Immer wieder, eine Ausstellung besuchend und einen Blick auf die Preisliste der jeweiligen Künstler werfend, bin ich überrascht. So unterschiedlich Kunst zu interpretieren sein mag, ist ebenfalls der Preis.

Es gibt eine Art Regel, die besagt: Länge + Breite x Seiten. Hat ein Bild zum Beispiel die Größe von 20 Cm Länge, sowie 80 Cm Breite und 4 Seiten, kämen nach dieser Rechnung (20 + 80) x 4= 400 Euro heraus. Dazu wird je nach Aufwand eine Summe X dazu gerechnet. Diese Regel ist allerdings stets eine kleine Stütze und nicht genormt.

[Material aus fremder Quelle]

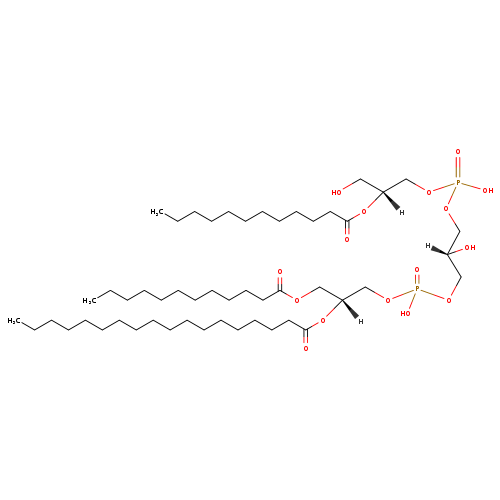 | YMDB11461 | 1-MLCL(0:0/12:0/12:0/18:0) | [(2R)-3-(dodecanoyloxy)-2-(octadecanoyloxy)propoxy][(2S)-3-({[(2R)-2-(dodecanoyloxy)-3-hydroxypropoxy](hydroxy)phosphoryl}oxy)-2-hydroxypropoxy]phosphinic acid | C51H100O16P2 1031.293 | |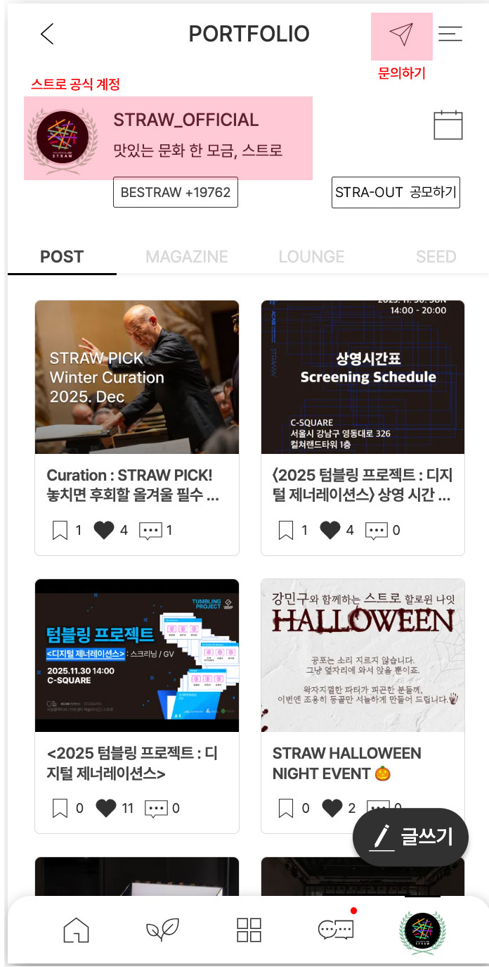 스트로 플랫폼 공식 계정(STRAW_OFFICIAL) Message 로 문의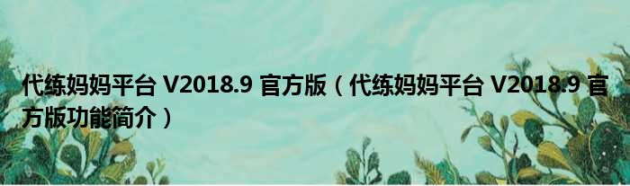 代练妈妈平台 V2018.9 官方版(代练妈妈平台 V2018.9 官方版功能简介)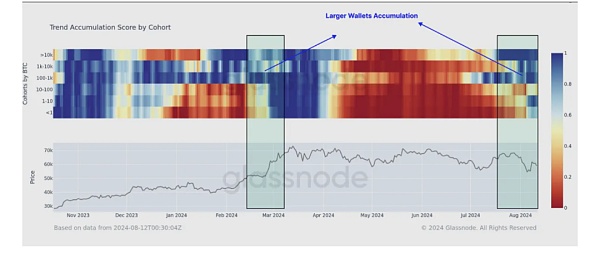 這張圖表展示的是Bitcoin不同持倉規(guī)模群體的**“趨勢積累分數”**(TrendAccumulationScore)隨時間的變化情況,顏色越藍代表著鏈上持幣者傾向于持有或者買入,越紅代表著投資者越傾向于賣出。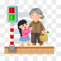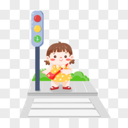 卡通手绘小朋友闯红灯免抠元素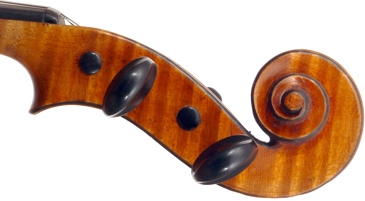 This instrument is in an exceptionally fine state, one may almost say in mint condition - it has one small benign crack next to the lower saddle, repaired and held directly by the endblock. The varnish is original - beautiful and clear honey-brown with high transparency, allowing the appreciation of woods. The marks on the top right quarter are merely superficial and typical of an instrument which had been well-used for some 140 years. The two-piece back, ribs, neck and scroll are of really nicely figured maple with a distinct medium curl - very appealing. The top is of medium grained tone spruce. The corners and purfling in this violin are truly impeccable. The Fs are superbly elegant - reminiscent of Pique's work, making the overall impression of this violin extremely pleasing on the eye.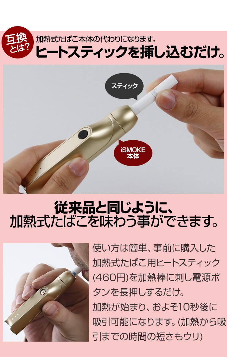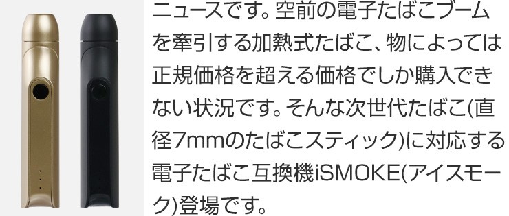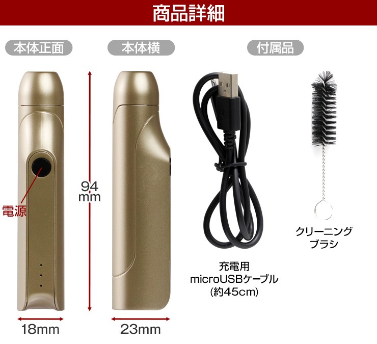 | セット内容 | ・iSMOKE本体・充電用misroUSBケーブル・クリーニングブラシ・日本語ユーザーガイド |

Was ist aber, wenn ein Künstler bevorzugt minimalistisch darstellt? Also die ganze kreative Energie auf 2 x 2 Cm projiziert? Ich kann mich noch sehr gut an eine „kleine“ Arbeit eines Künstlers erinnern, die mich so fasziniert hat, das ich ewig vor diesem Werk stand. Ebenso stockte mir der Atem, als ich vor einem dazu im Vergleich riesigen Ölgemälde von einer Größe von bis zu 5 x 6 Mt stand. Abgesehen von der Malerei gibt es natürlich viele weitere Sparten, wie Videokunst, Bildhauerei, Aktionskunst… . Letztendlich kann die zuvor genannte Rechnung nicht angewandt werden.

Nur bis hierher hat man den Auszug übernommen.